Jeremy Gadd
Tragedy© 1996/98 by Jeremy Gadd and gangan books australia
Tragedy
Short Story
The ancient Greeks believed that there were three goddesses who presided over human destiny. They called them Parcae--or the Fates. In an age of high infant mortality; when the practise of slavery was accepted by even the most enlightened of minds, Clotho presided over the lottery of birth, Lachesis determined longevity, and Atropos was responsible for finally cutting the thread of life with her shears. The word 'fate' has since become synonymous with the doctrine that all events are predetermined. To have been born blind, deformed or diseased would have been attributed to the whims of the Fates, but the Greeks also believed the Goddesses had other, more subtle weapons in their armoury with which to remind mortals of their insignificance.
I don't know what it was about Bridget that attracted the attention and ire of those old deities. I only met her briefly. I do know, however, that the interest they paid her left me saddened, distressed and futilely raging at their capriciousness.
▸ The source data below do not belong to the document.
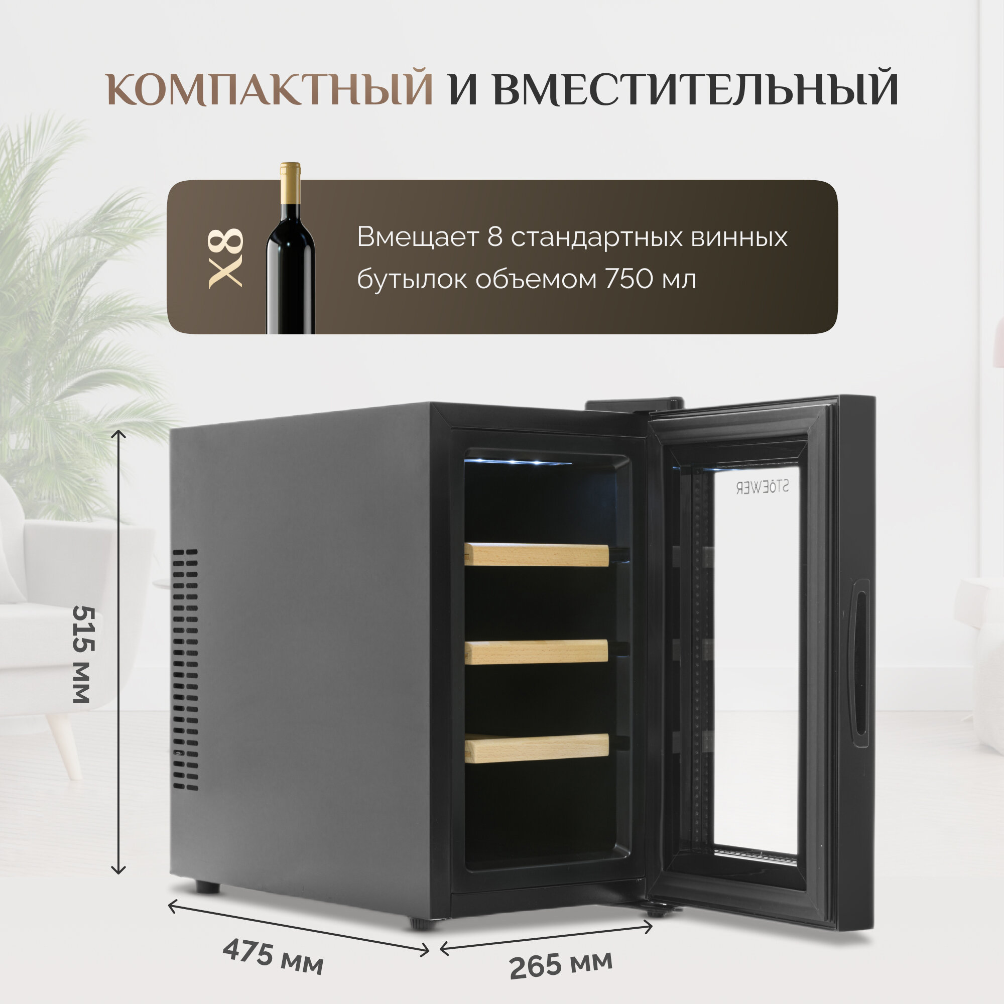 Винный шкаф Stoewer Штоер Wine Box DC08 с деревянными полками, 8 бутылок интересное:
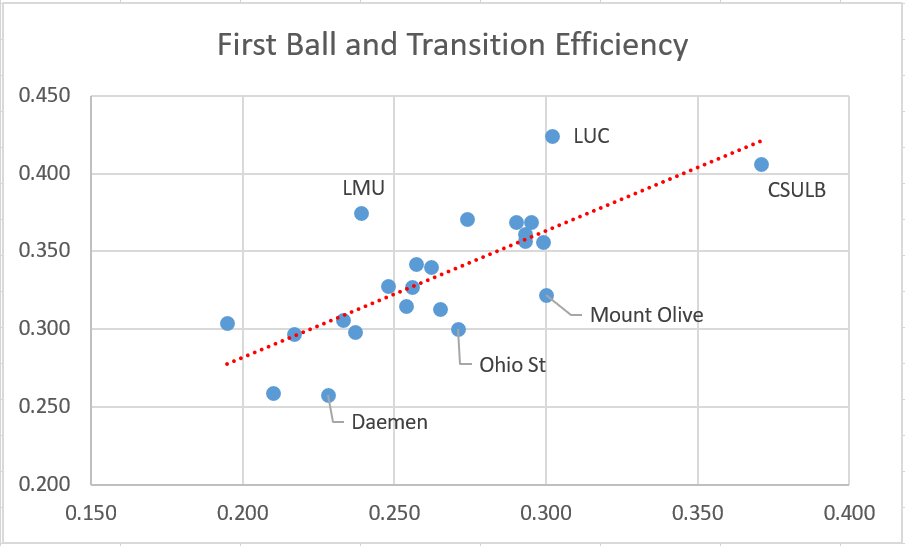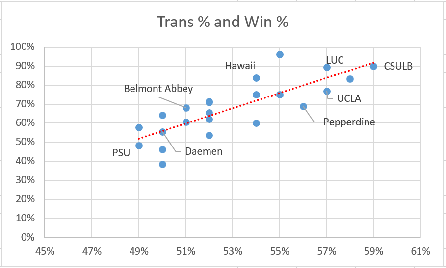 If you recall, about 40% of the NCAA women’s game is played in Transition. There’s more First Ball and a lot more Terminal Serving in NCAA men’s. Yet the Transition differential is just as influential on winning. Part of that is almost certainly co-correlation with the other aspects.
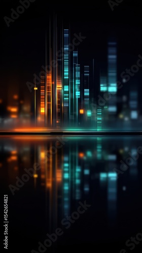 Obraz premium Abstract city lights reflecting on water at night. Blurred, vibrant colors
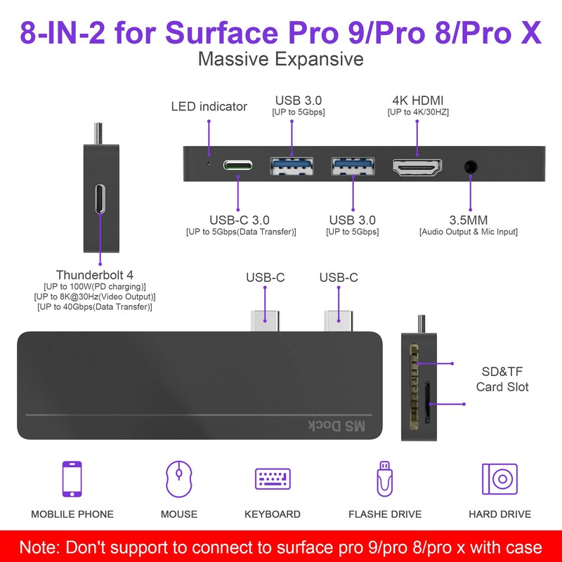 - Specially developed for Surface Pro 9/Pro 8/Pro X: The Surface Pro 8 docking station has been specially developed for Microsoft Surface Pro 9, Surface Pro 8 and Surface Pro X, and transforms the 2 USB C connections into 8 ports: 1 x 4K HDMI port, 1 x 100 W Thunerbolt 4 port (video + data transfer 40 Gbps + PD charging), 2 x USB. 3.0 connection Type-C (5Gbps), 1 x SD card slot, 1 x TF (Micro SD) card slot, 3.5mm audio/microphone jack. (*Note: Only compatible with Microsoft Surface Pro 8 and Surface Pro X, please do not use protective case.)
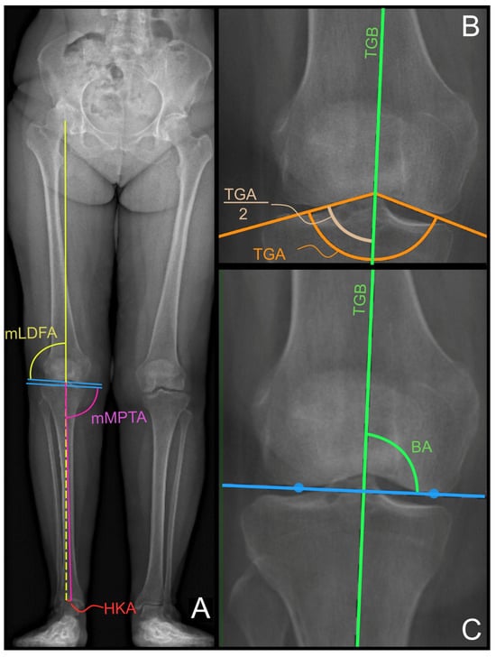 Three members of our orthopedic unit with different levels of experience assessed the inter-observer reliability of the collected images: one senior orthopedic surgeon (F.I.), one junior orthopedic surgeon (M.D.), and one orthopedic resident (A.I.). Moreover, the same senior surgeon evaluated the same radiographic images at three different time points, each spaced two weeks apart, to evaluate the intra-rater reliability. Each investigator assessed the following parameters, defined in []: the hip-knee-ankle (HKA) angle, which was expressed as a deviation from 180° with a negative value for varus and positive value for valgus alignment; the mechanical lateral distal femoral angle (mLDFA) and the mechanical medial proximal tibial angle (mMPTA), as depicted in Figure 1A.
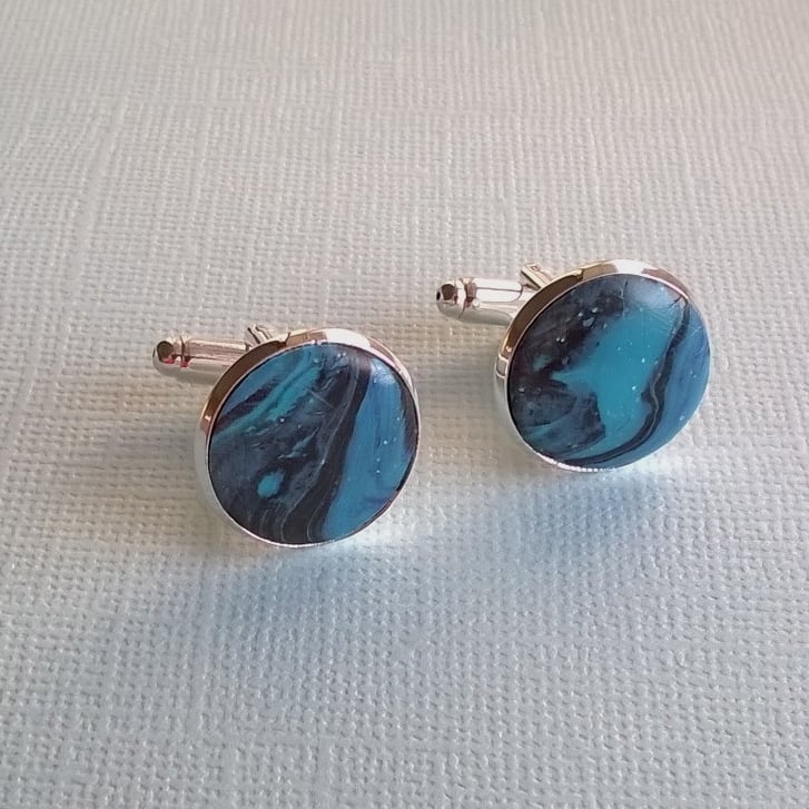 Cufflinks made with blue and black polymer clay and specks of silver glitter swirled into an interesting pattern.
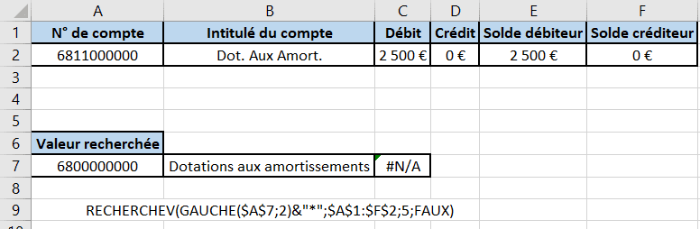 Je voudrais rechercher à partir du compte 6800000000 le compte 6811000000 mais sans modification !
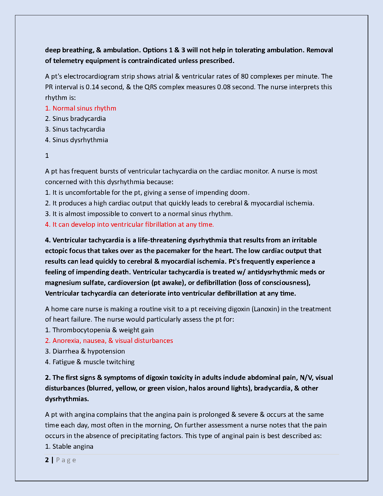 Cardiac Exam 1 Test Bank (2025 Latest Edition) - Verified Q&A with Rationales for A+ Grade
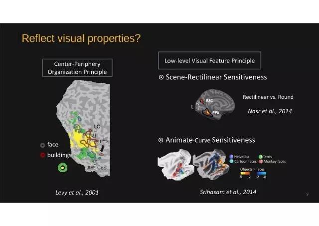 比如2014年Livingstone组的一篇文章通过灵长类动物皮层单细胞电信号记录发现,学习新的视觉符号如果含有弯曲线条会引起特定脑区神经元放电,可能解释对动物类型的喜好。这些理论假设的共性就是不同物体类别的脑区分布基础是由于不同视觉特征所引起的。
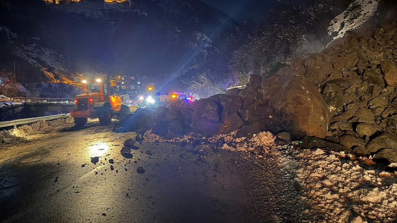 Olayın ardından Karayolları ekipleri bölgede temizlik ve yol açma çalışmalarına başlarken, yol yeniden kontrollü şekilde yeniden ulaşıma açıldı.
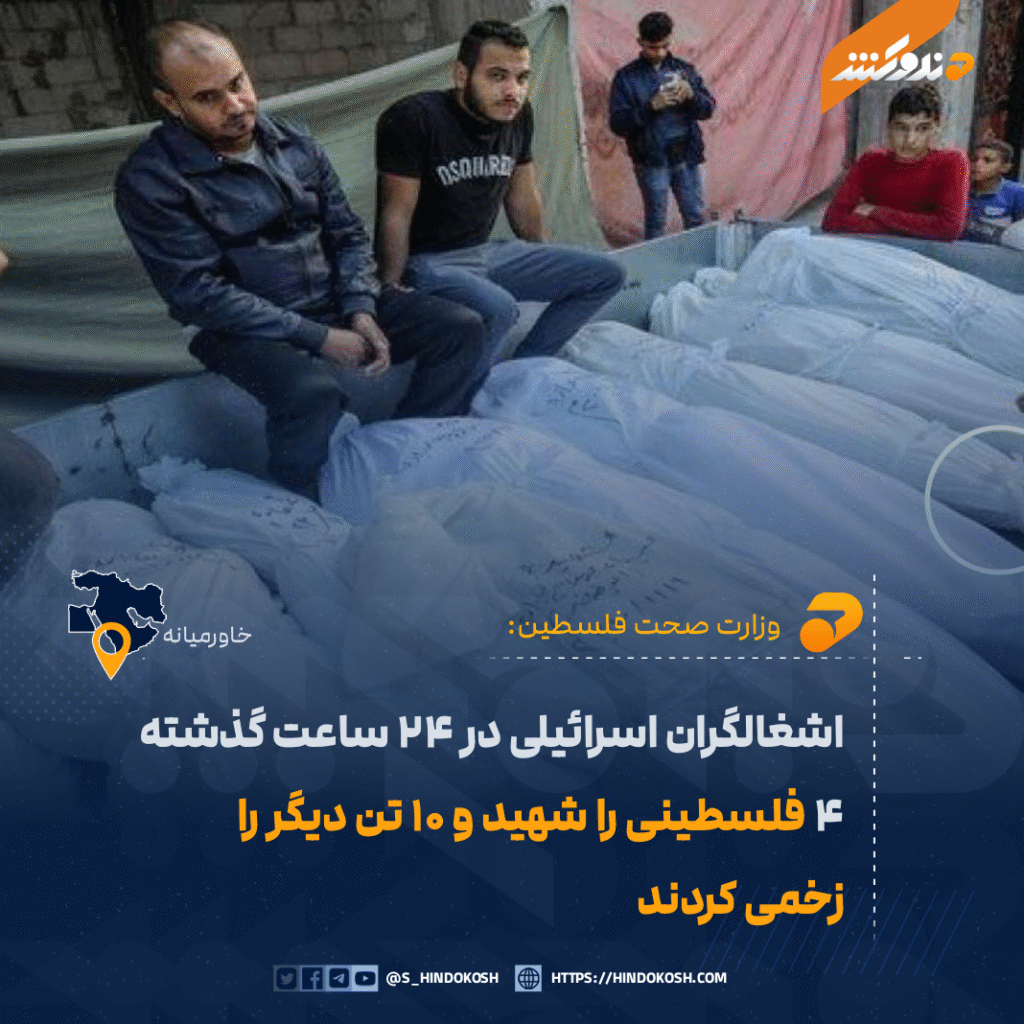 وزارت صحت فلسطین اعلام کرد که در پی حملات نیروهای اسرائیلی طی ۲۴ ساعت گذشته، ۴ فلسطینی شهید و ۱۰ نفر دیگر مجروح شده‌اند.
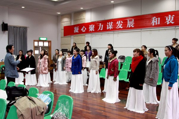 3月5日下午,浙江省教育厅体育卫生与艺术教育处处长王志泉和副处长潘学东一行五人在校党委牟德刚副书记和温州市教育局学生处李珍阳处长的陪同下莅临我院指导工作。院党总支书记刘青松详细汇报了我院女声合唱团的建设情况,领导与专家一起观看了排练和汇报演出,对我院合唱团取得的成绩给予了充分的肯定。
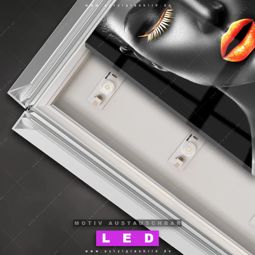 Bist du bereit, deine Wände mit einem dimmbaren LED Bild mit Fernbedienung und optionaler Farbtemperatursteuerung zum Leuchten zu bringen? Wir haben das ultimative Porträts - Menschen LED Acrylglasbild Canvalight® DIA für dich! Unser LED Wandbild aus Acrylglas Schönheit in Schwarz im Quadratischen Format mit austauschbarer bedruckter Acrylglas-Scheibe im DIA-Klapprahmen bringt sofort jede Menge Glanz in deine vier Wände.
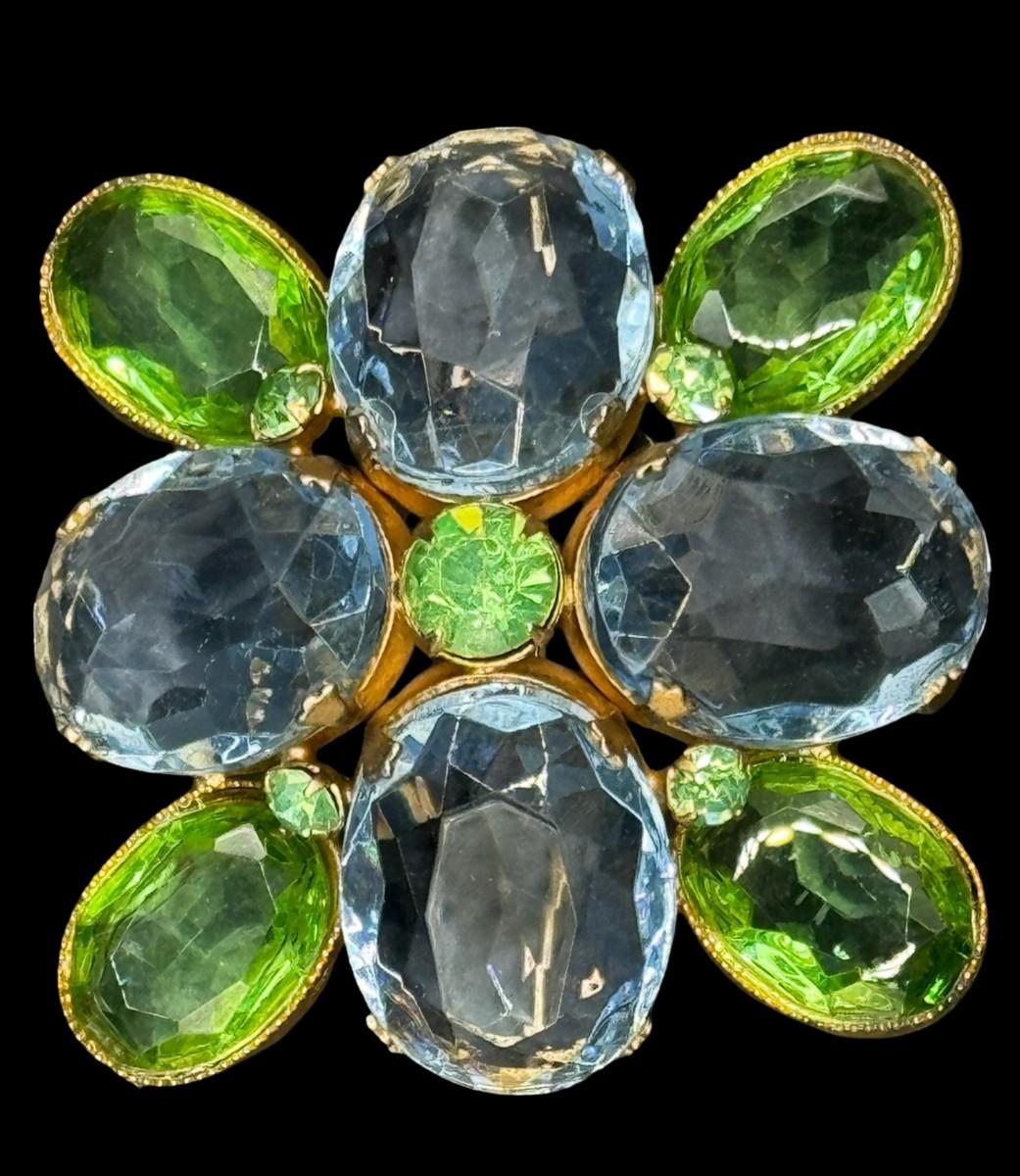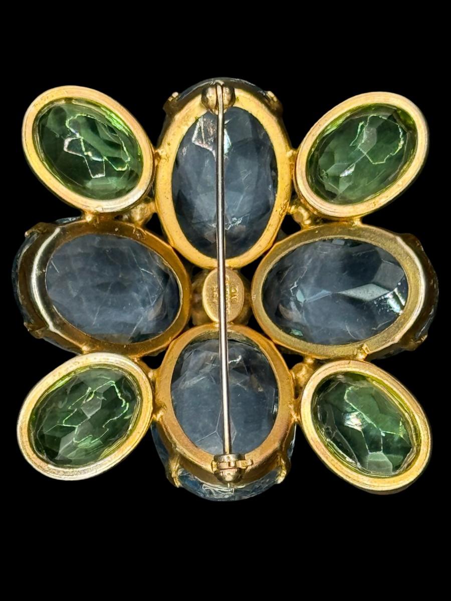 This Modernist gold tone brooch is signed “Les Bernard.” It features nine green stones and four cornflower blue stones. Each stone is bezel set. Measurement: 2” x 2”. [JP]
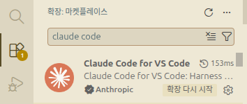 VS Code 왼쪽 사이드바에서 확장 프로그램 아이콘을 클릭한다. 검색창에 **”Claude”**를 입력하면 Claude 확장 프로그램이 나온다. Install 버튼을 클릭하면 설치 완료다.
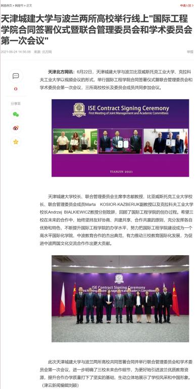 6月24日,天津北方网对伟德源自英国1946与波兰两所高校举行线上“bevictor伟德合同签署仪式暨联合管理委员会和学术委员会第一次会议”做了如下报道:
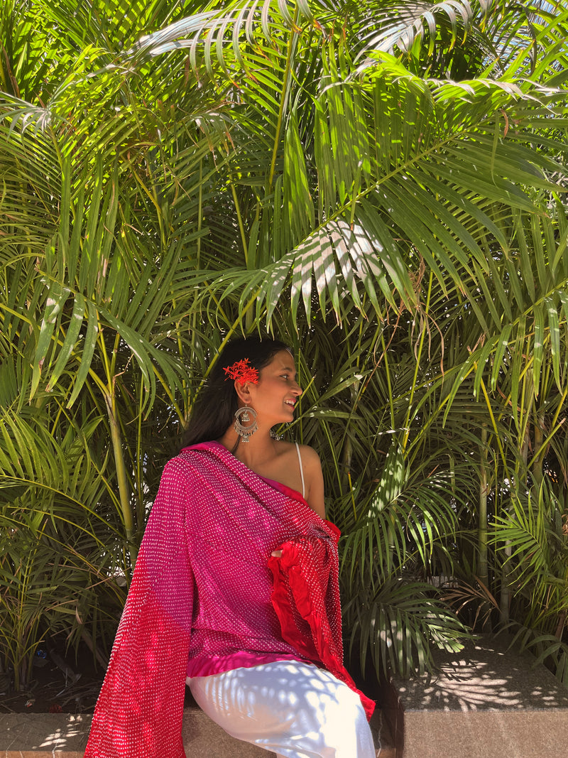 RED-PINK ETERNAL DOTS BANDHANI SILK DUPATTA
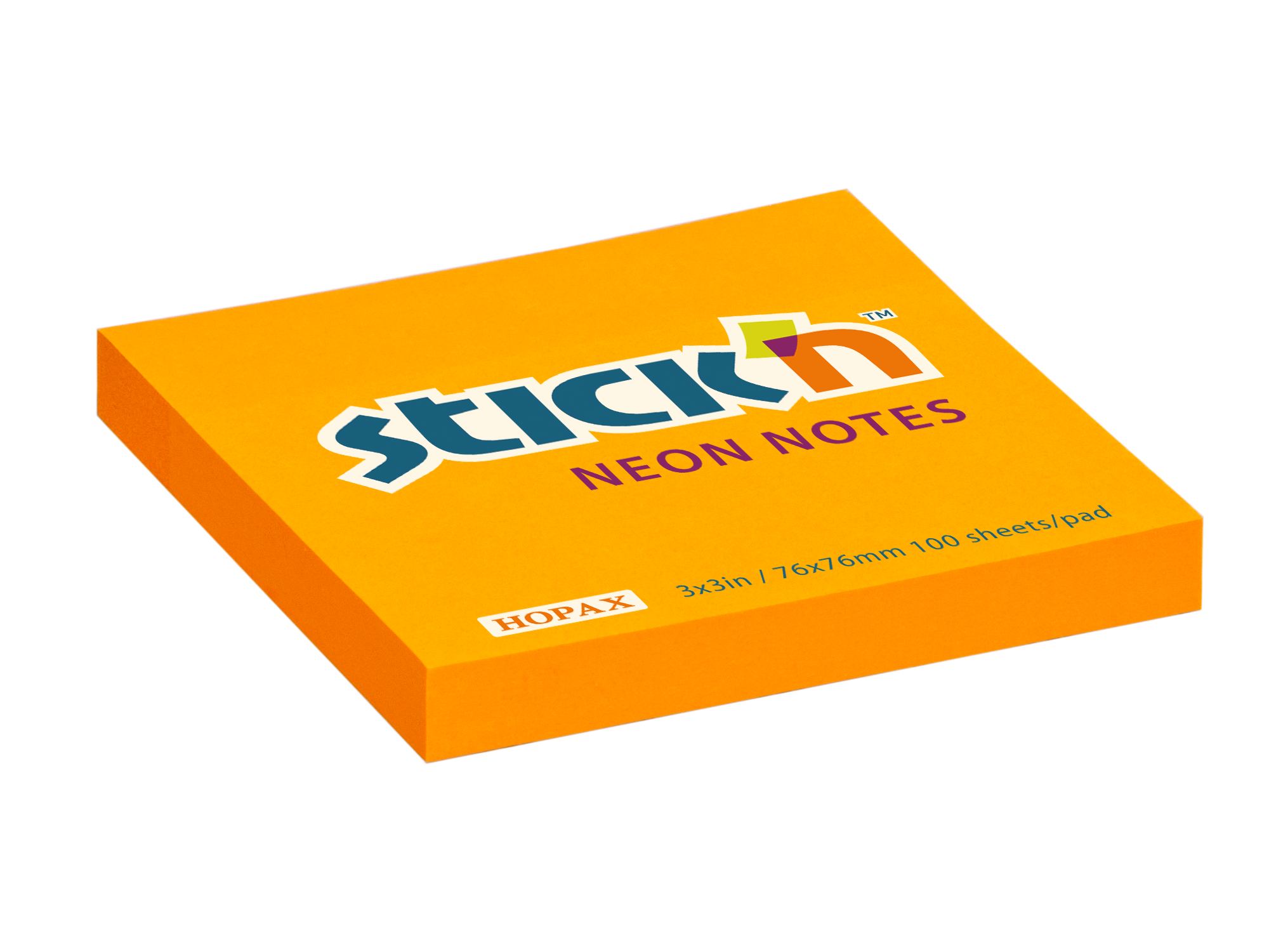 Samolepicí bloček Stick'n by Hopax, 76 x 76 mm, neon oranžový, 100 lístků
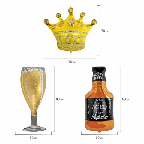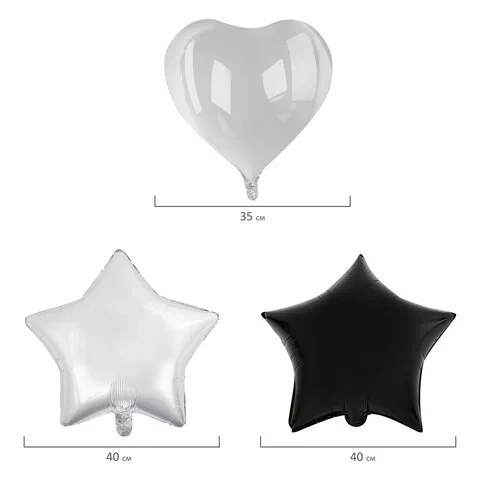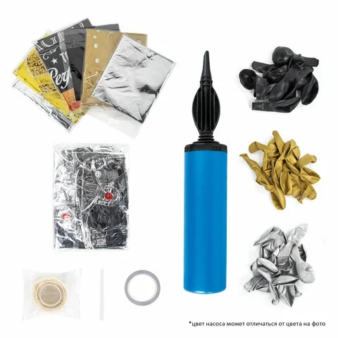 52 шт. высококачественных однотонных шаров классической формы золотистого, серебристого и чёрного цветов и фигурные шары разного размера (от 22 см до 80 см). Шары в наборе изготовлены из натурального латекса (латексные), обеспечивающего прочность при аккуратном использовании, и из прозрачной лавсановой пленки (фольгированные), покрытой специальной краской. В результате поверхность становится похожей на фольгу.

Once, spontaneously, I called on a friend and his wife. Although they were already entertaining two visitors, they insisted I join them.
I had met one of the guests before. Her name was Sandra. A registered nurse, she once worked at the same hospital as my friend.
Sandra is a slim, gregarious woman in her early fifties. Divorced and with adult children, she is in remission from cancer. My friend told me that until her diagnosis Sandra had been a reserved, home-loving person prone to depression, and had never been out of the country. During her treatment she read a book which emphasised the need to enlist positive thinking in the fight against her disease. According to my friend, Sandra put into practise what the book preached and, refusing to give up hope, constantly willed her tumour to shrink. To her doctor's astonishment, it did.
Sandra is one of the most unaffected people I have ever met. She has so much energy many people find her tiring, but I find that a few minutes of warming my hands on Sandra's blazing life-force can keep negativity away for weeks. Determined to make the most of whatever time is left to her, she sold her house and car and decided to do what she regretted not doing in her younger days: travel.
Being a triple certificated professional nurse, competent in dealing with surgical injuries, midwifery and psychiatric distress, Sandra found her skills in demand around the world, and had already spent time in the United Kingdom, the United States of America, and, for the six months before our renewed acquaintance, Saudi Arabia. Sandra, back in Australia for a fortnight to see friends and attend financial matters that had arisen in her absence, had a young Scottish nurse with her whom she introduced as Bridget. Until going to Saudi Arabia, Bridget had never left her home town of Aberdeen.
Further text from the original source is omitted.